Enterprise Data Management, Part 1 An In-Depth Look at Enterprise Information Integration (EII)

Originally published 6 September 2006

Over the last two years, the world of enterprise data management has seen a major market shake up that is still going on. Data integration tools, metadata management, data quality and data modelling have all been changing rapidly in addition to the marketplace itself consolidating. This article focuses on one of these areas – data integration and, in particular, the use of enterprise information integration (EII) technologies.

Data integration tools first appeared in the market under the banner of extract, transform and load (ETL) tools aimed at data integration in the data warehousing market.
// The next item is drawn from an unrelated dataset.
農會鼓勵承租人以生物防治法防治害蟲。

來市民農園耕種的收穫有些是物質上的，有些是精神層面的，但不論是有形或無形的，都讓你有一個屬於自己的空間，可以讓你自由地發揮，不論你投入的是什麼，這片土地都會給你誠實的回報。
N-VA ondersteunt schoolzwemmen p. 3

Since then, we have seen the need for data integration stretch way beyond data warehousing into all kinds of uses such as data migration, data synchronisation and creation of master data management data hubs, etc.
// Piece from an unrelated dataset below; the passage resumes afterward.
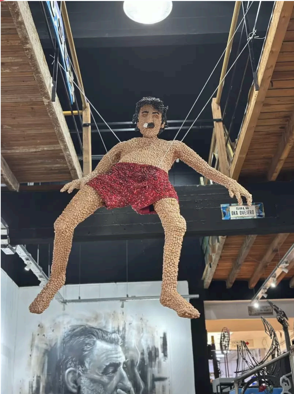
Clavadismo - Lamarencóche

What is Enterprise Information Integration (EII)?
In addition to the batch-oriented ETL processing, it has become evident more recently that many different applications and portals require on-demand integration of data that may reside in disparate operational and analytical systems, as well as in content management systems and even on the public Internet. This need has been filled by the introduction of enterprise information integration (EII) technology. A key difference between EII and ETL is that with EII, data is integrated at run time and delivered to an application without the need for data staging. With ETL, the target is a database; but with EII, the target is an application, a reporting tool or a portal.
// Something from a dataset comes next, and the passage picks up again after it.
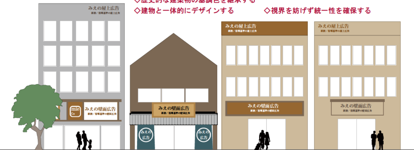
屋上広告と壁面広告のモデル

Figure 1 shows EII as presenting a virtual view of data that may be resident in disparate underlying systems. Effectively, EII technology makes it look like the data is integrated in a single data store even though it isn’t.

EII is in demand mainly because data is not always consolidated and in one place and that disparate data may be needed for:

  • Reporting
  • Integration of business performance management tools with multiple line-of-business business intelligence (BI) systems
  • Provision of integrated disparate structured and unstructured data into a portal (e.g., integration of news items)
  • Heterogeneous replication
  • Federated search

Generally speaking there are two main approaches to EII. These are model-driven federated query EII and, secondly, ETL tools that have been enhanced to support EII via dataflow-driven data integration services. I would like to discuss both of these.  

Figure 1: Enterprise Information Integration (EII)

You could argue that a third approach is distributed databases – something that was more a topic of discussion in the late ‘80s and early ‘90s whereby relational DBMS products were extended to support distributed query processing.

Looking at the federated query EII first, the marketplace has seen a number of vendors emerge in the last two years. In alphabetical order these include:

Federated query EII products work by presenting a virtual model of integrated data. The process of creating these virtual views of underlying data involves four steps:

  1. Define common integrated data model for the virtual views
  2. Define the data sources and connect to them
  3. Define mappings from source systems to common virtual view (this generates a federated query)
  4. Query the virtual view(s)

Figure 2: Federated Query EII

It is also the case that multiple virtual views can be created (by creating many different federated queries) such that different users and applications can have different virtual views of the disparate data depending on their security profiles and business needs. Each federated query then dynamically creates the virtual view by integrating the needed disparate data at run time (Figure 3). 

Figure 3: Support of Multiple Virtual Views

Federated EII products can access a wide range of data sources. These include:

  • Relational DBMSs (e.g., via JDBC, ODBC or X/Query)

  • Flat files

  • Non-relational DBMSs

  • XML data sources (e.g., XML files, RSS feeds, MS Office documents [Office 2007])

  • Message queues

  • Web services

  • Content management systems

  • LDAP directories

It is also possible for EII servers to access applications via a message broker to get at application data via application adapters such as JCA adapters.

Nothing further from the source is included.